**What is being asked**: Here is a listing. Write it all out again exactly, but not its pictures.

**Supplied data**:
-=-=-=-=-

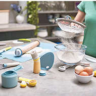 Silicone bowl scraper with integrated foot rest.
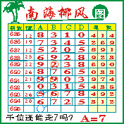 “南海椰风”第1694期推荐版局规律,本期千位06走三步.
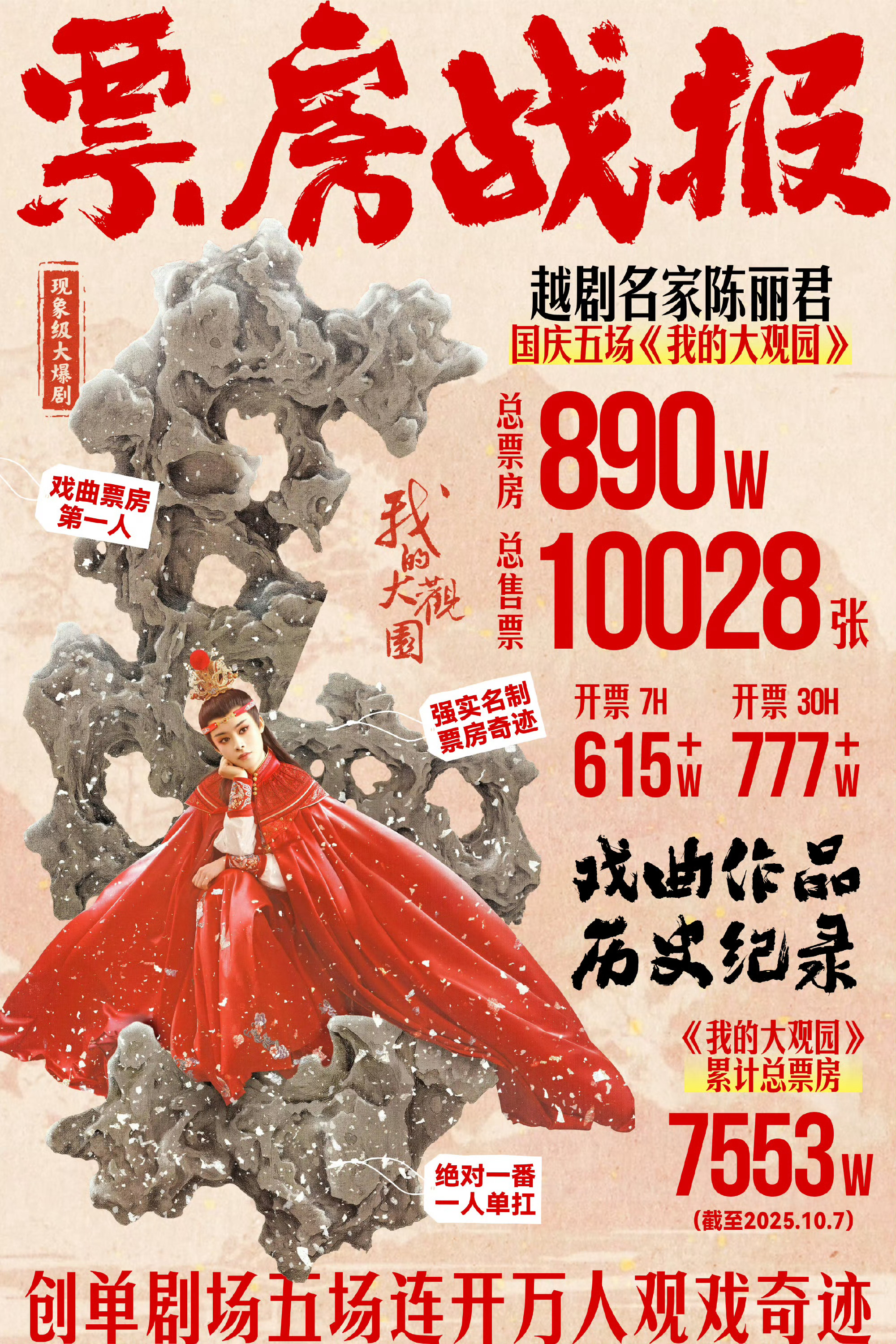 陈丽君我的大观园国庆五场演出票房达890万元,售票10028张,场均观众破200
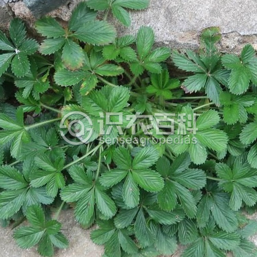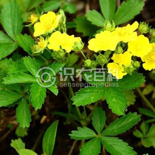 一年生、二年生或多年生宿根草本。多須根?;ㄇo上升或匍匐,常于節處生根并發育出新植株,長10-50厘米,被疏柔毛或開展長柔毛?;~為近于鳥足狀5小葉,連葉柄長3-20厘米,葉柄被疏柔毛或開展長柔毛;小葉幾無柄稀有短柄,小葉片倒卵形或長圓倒卵形,長0.5-4厘米,寬0.4-2厘米,頂端圓鈍,基部楔形,邊緣有多數急尖或圓鈍鋸齒,兩面綠色,被疏柔毛,有時上面脫落幾無毛,或下面沿脈密被伏生長柔毛,下部莖生葉有5小葉,上部莖生葉有3小葉,小葉與基生小葉相似,唯葉柄較短;基生葉托葉膜質,淡褐色,外面被疏柔毛或脫落幾無毛,莖生葉托葉草質,綠色,卵形至卵狀披針形,全緣,稀有1-2齒,頂端急尖或漸尖,外被稀疏長柔毛。聚傘花序密集枝頂如假傘形,花梗長1-1.5厘米,密被開展長柔毛,下有莖生葉如苞片狀;花直徑0.8-1厘米;萼片三角卵圓形,頂端急尖或漸尖,副萼片披針形或橢圓披針形,頂端急尖或漸尖,花時比萼片短,果時略長或近等長,外被稀疏長柔毛;花瓣黃色,倒卵形,頂端微凹,長于萼片;花柱近頂生,圓錐形,基部膨大,柱頭擴大。瘦果近圓形,一面稍平,直徑約0.5毫米,具皺紋?;ü?-9月。

-=-=-=-=-

**Task output**:
 Silicone bowl scraper with integrated foot rest.
 “南海椰风”第1694期推荐版局规律,本期千位06走三步.
 陈丽君我的大观园国庆五场演出票房达890万元,售票10028张,场均观众破200
 一年生、二年生或多年生宿根草本。多須根?;ㄇo上升或匍匐,常于節處生根并發育出新植株,長10-50厘米,被疏柔毛或開展長柔毛?;~為近于鳥足狀5小葉,連葉柄長3-20厘米,葉柄被疏柔毛或開展長柔毛;小葉幾無柄稀有短柄,小葉片倒卵形或長圓倒卵形,長0.5-4厘米,寬0.4-2厘米,頂端圓鈍,基部楔形,邊緣有多數急尖或圓鈍鋸齒,兩面綠色,被疏柔毛,有時上面脫落幾無毛,或下面沿脈密被伏生長柔毛,下部莖生葉有5小葉,上部莖生葉有3小葉,小葉與基生小葉相似,唯葉柄較短;基生葉托葉膜質,淡褐色,外面被疏柔毛或脫落幾無毛,莖生葉托葉草質,綠色,卵形至卵狀披針形,全緣,稀有1-2齒,頂端急尖或漸尖,外被稀疏長柔毛。聚傘花序密集枝頂如假傘形,花梗長1-1.5厘米,密被開展長柔毛,下有莖生葉如苞片狀;花直徑0.8-1厘米;萼片三角卵圓形,頂端急尖或漸尖,副萼片披針形或橢圓披針形,頂端急尖或漸尖,花時比萼片短,果時略長或近等長,外被稀疏長柔毛;花瓣黃色,倒卵形,頂端微凹,長于萼片;花柱近頂生,圓錐形,基部膨大,柱頭擴大。瘦果近圓形,一面稍平,直徑約0.5毫米,具皺紋?;ü?-9月。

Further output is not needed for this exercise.